REQUIREMENT >>
The lines from the one containing "Gary Allan low" to the end of the entries, both included, are what you need to transcribe exactly, without pictures and without anything else.

DATASET RECORDS >>
#####

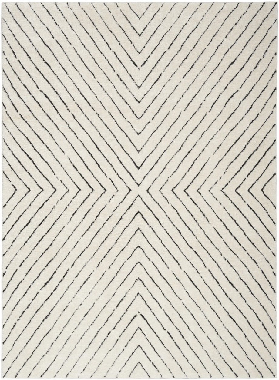 Add an instant layer of warmth to your home with this black and white rug from the Modern Comfort Collection. The simple linear pattern effortlessly blends form and function thanks to a cozy polyester pile that’s low maintenance and easy to clean. Made in a medium-thick construction ideal for placement in your living room or bedroom.
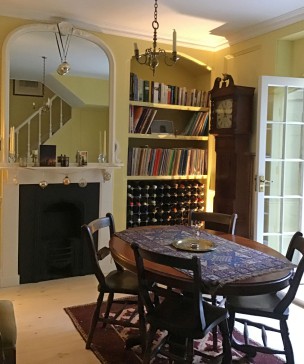 You arrive at our front door up a short winding path through the garden. Downstairs there is a comfortable sitting room (with open fire for chilly winter nights), dining room, kitchen/conservatory and utility room, with gardens to the front and back. We especially like our bathroom (a great place to wallow and chat) and recently renovated kitchen. At the very top of the house is a second bedroom with a magnificent view across the rooftops to the Salisbury Plain (spot the chalk white horse on a distant hill-side - a typical Wiltshire landmark).
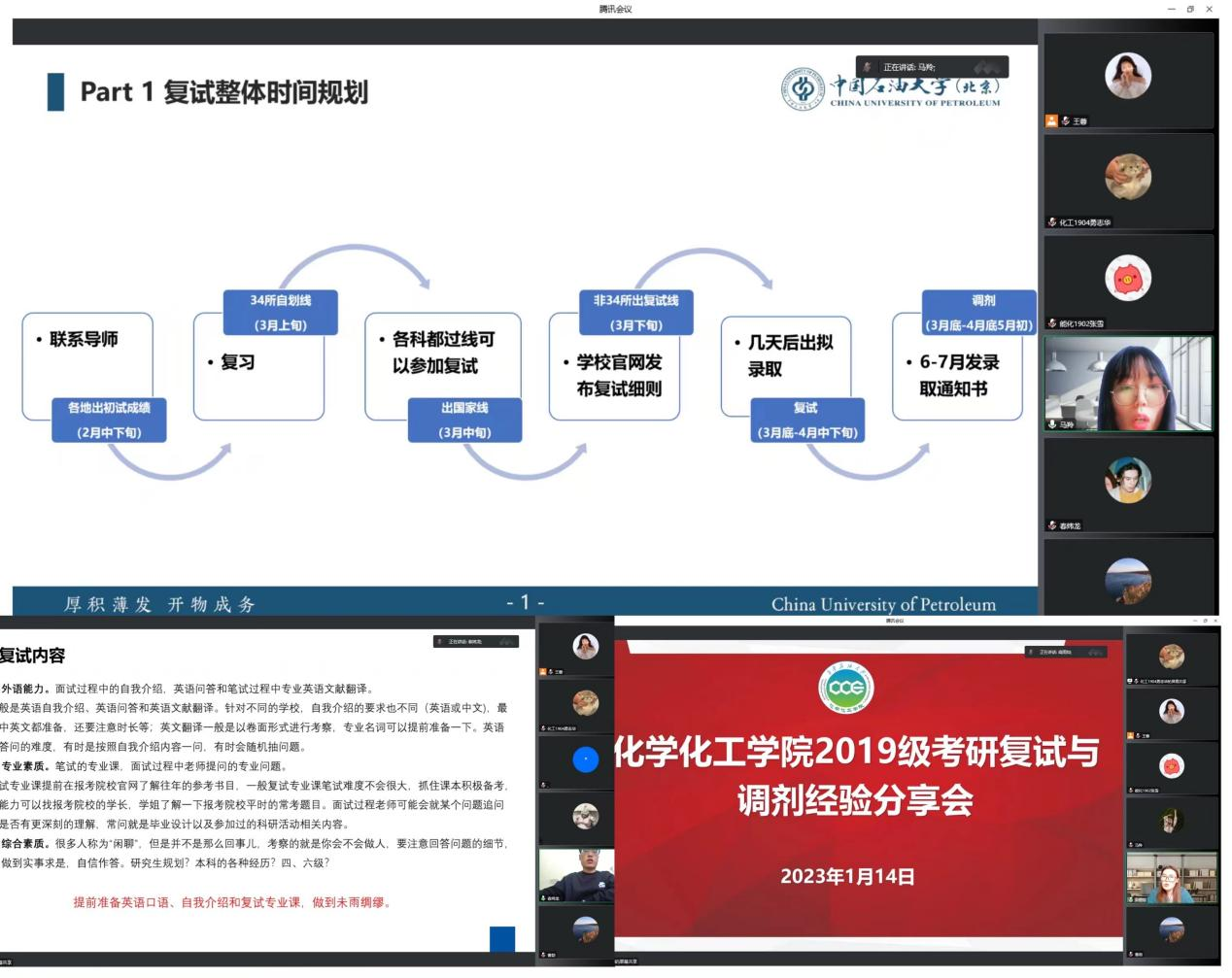 2022屆畢業(yè)生代表分享了他們在研究生復(fù)試方面的經(jīng)驗和做法。就讀于西北大學(xué)的碩士研究生春煒龍同學(xué)為大家梳理了西北大學(xué)研究復(fù)試的相關(guān)流程和需要注意的事項。對于復(fù)試過程中的筆試部分該如何準(zhǔn)備,綜合面試部分應(yīng)該注意的問題以及導(dǎo)師的選擇進行了具體的經(jīng)驗分享。就讀于中國石油大學(xué)(北京)的研究生馬羚同學(xué)根據(jù)自己參加復(fù)試的親身體會,為大家梳理了復(fù)試流程,她鼓勵大家要在考研復(fù)試的過程中樹立自信心,做好專業(yè)知識的儲備,并強調(diào)要重視復(fù)試中英語口語和專業(yè)英語的準(zhǔn)備,以飽滿的熱情和積極地心態(tài)面對研究生復(fù)試。西安石油大學(xué)研究生高雨如同學(xué)主要分享了初試成績查詢以后需要進行的準(zhǔn)備,如查詢往年報考院校的復(fù)試線、去官網(wǎng)查詢心儀導(dǎo)師的聯(lián)系方式并聯(lián)系導(dǎo)師、收集復(fù)試材料、了解綜合面試環(huán)節(jié)的相關(guān)問題,提前準(zhǔn)備好自我介紹等。
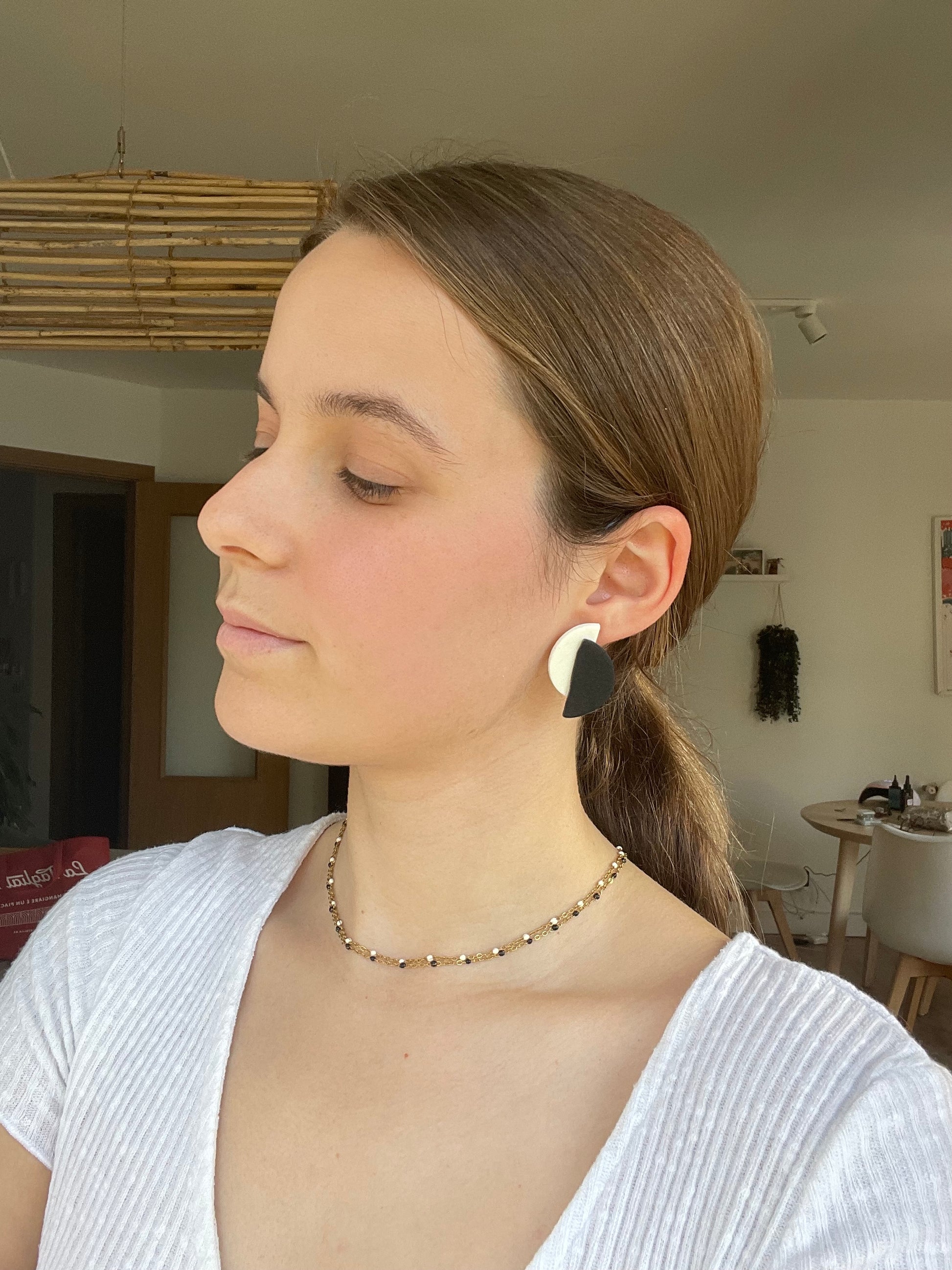 Para crear estas piezas se utiliza arcilla polimérica, al ser un material ligero hace que los pendientes no pesen.
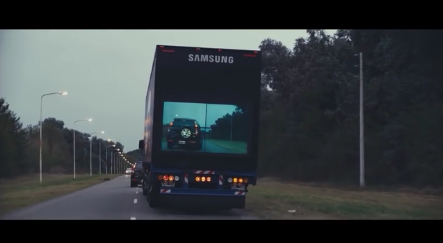 そこで、SAMSUNGが考えたのは、トラックが後続車に「安全」を与えられること。
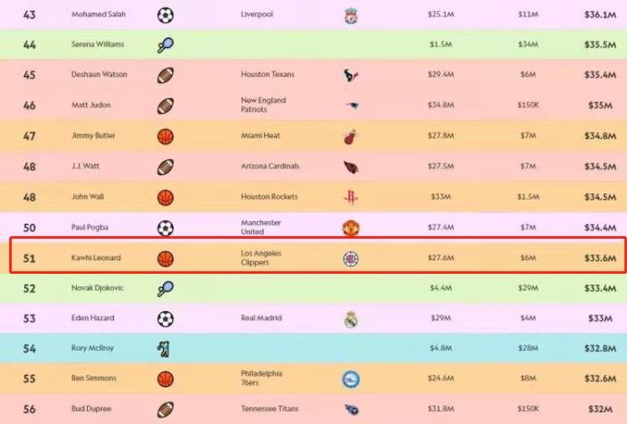 在这份榜单中最让球迷惊讶的莫过于伦纳德,来到大城市的伦纳德似乎并没有展现出自己的商业价值,他的综合收入甚至不如已经连续两年没有打球的汤普森,为什么会造成这样的情况呢?
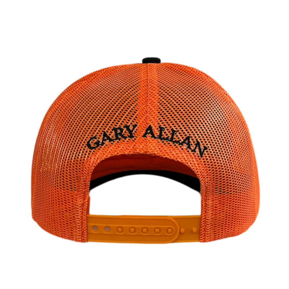 Gary Allan low profile, constructed black hat with neon orange mesh backing. Adjustable plastic backstrap.
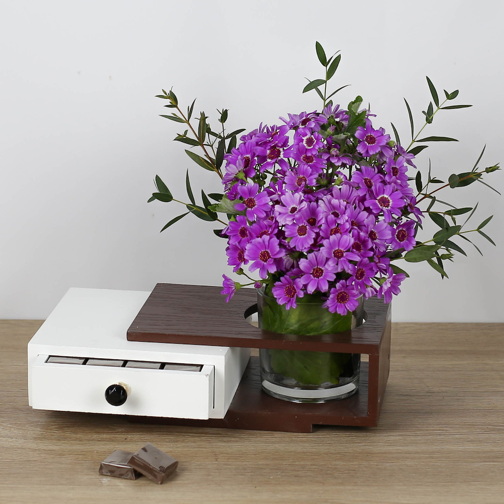 باقة تحتوي على زهور الكريز الجميلة مع الشوكولاتة.

#####

RESULT BELOW >>
 Gary Allan low profile, constructed black hat with neon orange mesh backing. Adjustable plastic backstrap.
 باقة تحتوي على زهور الكريز الجميلة مع الشوكولاتة.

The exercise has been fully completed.